= Philagrius of Epirus =

Philagrius of Epirus (Φιλάγριος ὁ Ηπειρώτης; 3rd century CE) was a Greek medical writer from Epirus, who lived after Galen and before Oribasius, and therefore probably in the 3rd century CE. According to the Suda he was a pupil of a physician named Naumachius, and practiced his profession chiefly at Thessalonica.

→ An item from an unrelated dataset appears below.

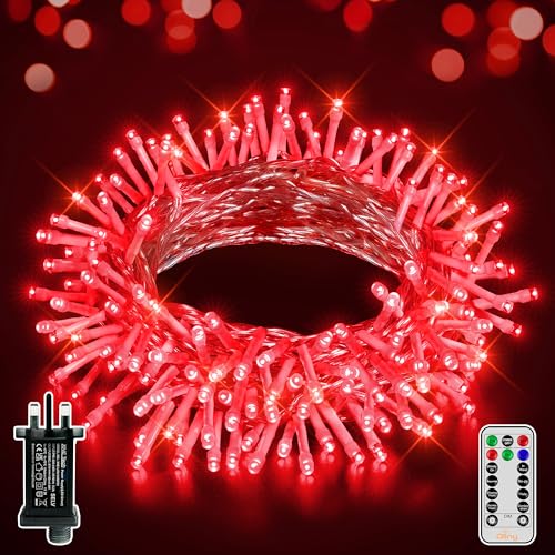 Ollny 10m 100 LED Red Fairy Lights Mains Powered, Waterproof Outdoor String Light with Remote/Plug/Modes/Timer, Bright Lighting Mother's Day Wedding Anniversary Valentine's Day Decorations

Theophilus gives him the title of περιοδευτής, periodeut, which probably means a physician who travelled from place to place in the exercise of his profession. He seems to have been well known to the Arabic medical writers, by whom he is frequently quoted, and who have preserved the titles of the following of his works.

1. De Impetigine
2. De iis quae Gingivae Dentibusque accidunt.
3. De iis qui Medico destituuntur.
4. De Morborum Indiciis
5. De Arthritidis Morbo.
6. De Renum vel Vesicae Calculo.
7. De Hepatis Morbo.
8. De Morbo Colico.
9. De Morbo Icterico.
10. De Cancri Morbo.
11. De Morsu Canis.

The Suda says he wrote as many as 70 volumes, but of these works only a few fragments remain, which are preserved by Oribasius, Aëtius, and others. In Cyril's Lexicon he is enumerated among the most eminent physicians.